I suppose this is why I have trouble keeping up with Saul’s returns year after year.
DJ
Another reason I’m more cautious than before with being an AYX share holder is the performance it had during this Covid period. One of the reasons I hold these companies is they are sticky and mission critical and will not suffer business wise during a recession. They can actually save a company money by replacing legacy systems etc… We have all heard these claims with the whole digital transformation and COVID was a test. A lot of our companies thrived and passed with flying colors and I know, some got a tailwind from the whole WFH movement. But AYX let us down and new customers were hitting the pause button and moving their capitol to more mission critical projects. While we know AYX has a nice product, it seems that it’s not as essential as we thought. For me that’s an added risk I’ll be keeping it in mind the next go around. If I do reenter AYX when they get their act together it will definitely be at a smaller allocation.
We use this product. It is very good. We use is to enable “semi tech” people to help with data integration and reporting.
They operate in a very competitive market.
Companies like informatica, AWS, Snowflake, Talend etc. are higher end and are entrenched and support mission critical workloads. However it is easy for these to have a light weight version on cloud for semi-tech people and compete against AYX.
The emerging need is to expand in “feature extraction” for AI/ML applications (statistics) for model building. There are many startups who are in this.

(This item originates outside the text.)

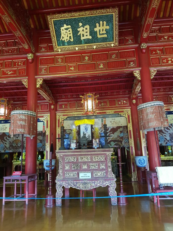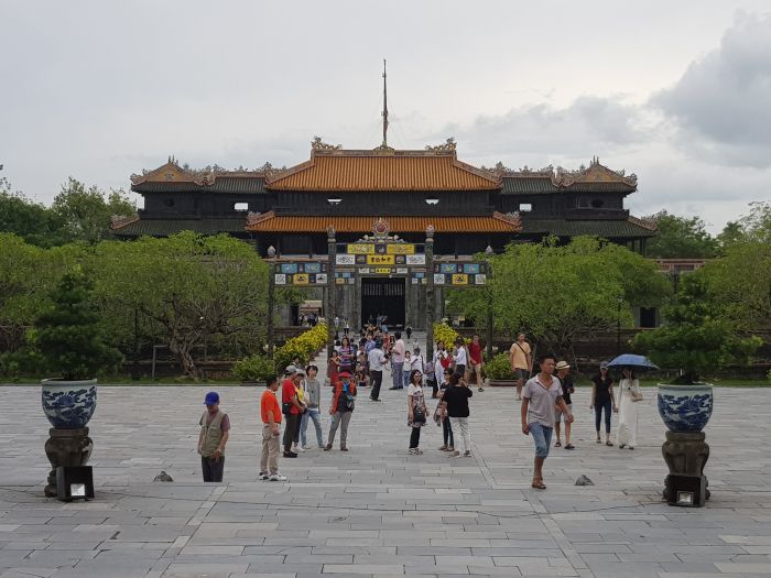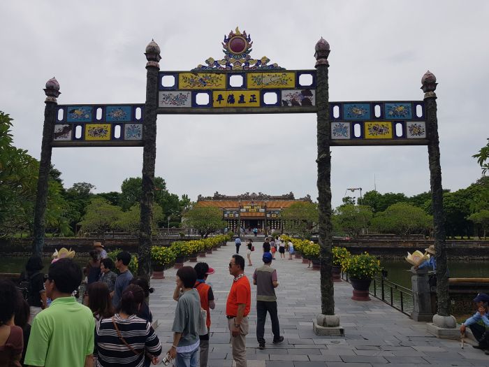 Ara si, entravem a l’edifici més important del centre del país, Patrimoni de la Humanitat des de 1993 i que vindria a ser l’equivalent vietnamita de la Ciutat Prohibida de Beijing (de fet la Ciutat Porpra, on només podía accedir l’emperador, la seva esposa i les concubines, està construïda basant-se en ella).

This is complex and most companies spend 90% of their time to curate data than to do any real AI/ML work.
I don’t know if AYX is going for this market (need lots of Phds in stats). Quick look at their careers does NOT indicate that they are going into this space.

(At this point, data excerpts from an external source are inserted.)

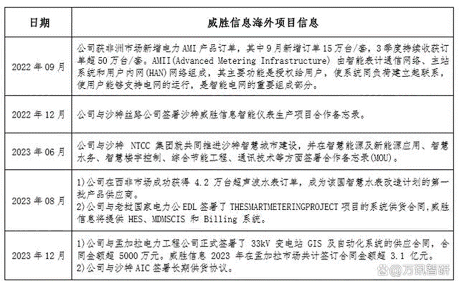 2022-2023年,威勝信息獲得的海外項目信息主要如下。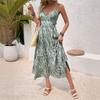 Vestido de Tirantes Estilo Vacacional Europeo y Americano para Mujer Transfronterizo Primavera y Verano 2025 Nuevo Estilo Diseño Asimétrico a Rayas Falda Larga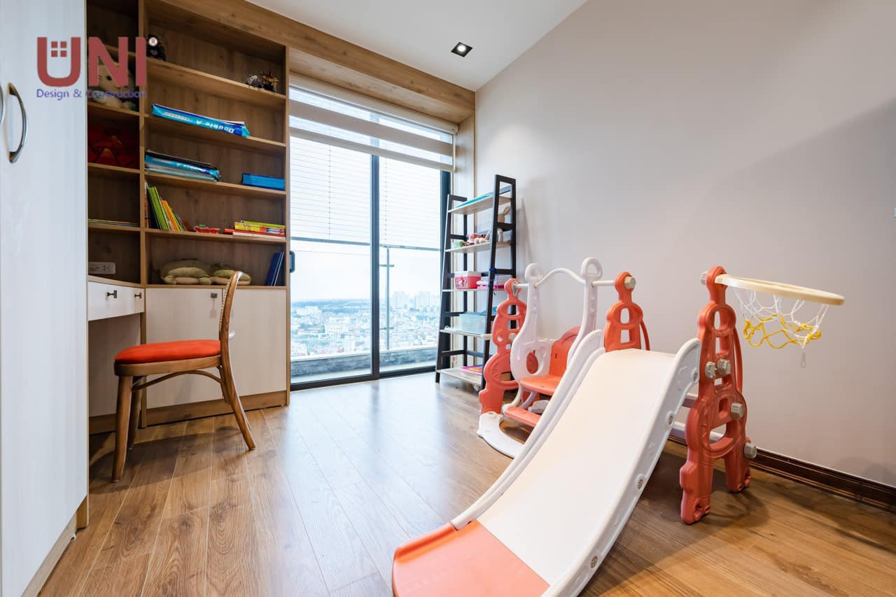 Phòng đa năng làm chỗ chơi cho bé, góc học tập và khi có khách sẽ trở thành phòng ngủ kiểu Nhật. Chị Hằng cho làm tủ kịch trần, cất đồ chơi, chăn, màn chưa dùng... để phòng luôn ngăn nắp.

Expanding on dividends20’s comment, first challenge for me with AYX, what differentiates AYX?
I don’t see anything specific here (https://seekingalpha.com/article/4435218-alteryx-sighting-of…) that answers this question even in a moderately compelling way. The article mentions two angles: [1] target citizen data scientists (“…user population targeted by Alteryx are the citizen data scientists of whom there are reputedly millions…”), [2] put their product in the cloud. Neither is convincing to me.
Like much of Business Intelligence (BI), AYX looks like a commodity product. Are any of these BI tools (Oracle BI, PowerBI and other Microsoft products, Tableau, Qlik, Alteryx) meaningfully different from the others? For example, Qlik and Tableau have ETL features in addition to data visualization, like Alteryx. Microsoft and Oracle have entire suites of tools. Everyone is trying to add AI and predictive modeling features. Maybe one tool is 5-10% better in one feature relative to another tool.
The article is not persuasive in its mentioning of other products. SAS has a 45 year statistical pedigree and calculation engines under the hood to match, is Alteryx improving on SAS? Microsoft has a whole ecosystem of products covering data and BI. Salesforce is building an ecosystem with its native CRM and add-ons like Mulesoft, Tableau, Slack. I don’t see a statement in the article that highlights a meaningful, specific advantage for Alteryx over its competitors. I don’t see where the mentions of other products really tell us much of anything, the article seems to mainly say that the products are different. That’s true, all products are different in some regard, what is the meaningful difference?
This is not too say that you cannot make money in commodities, but being commodity-like is a strike against it for me. Maybe their new management will figure it out. I’d be curious on other views on AYX or related products.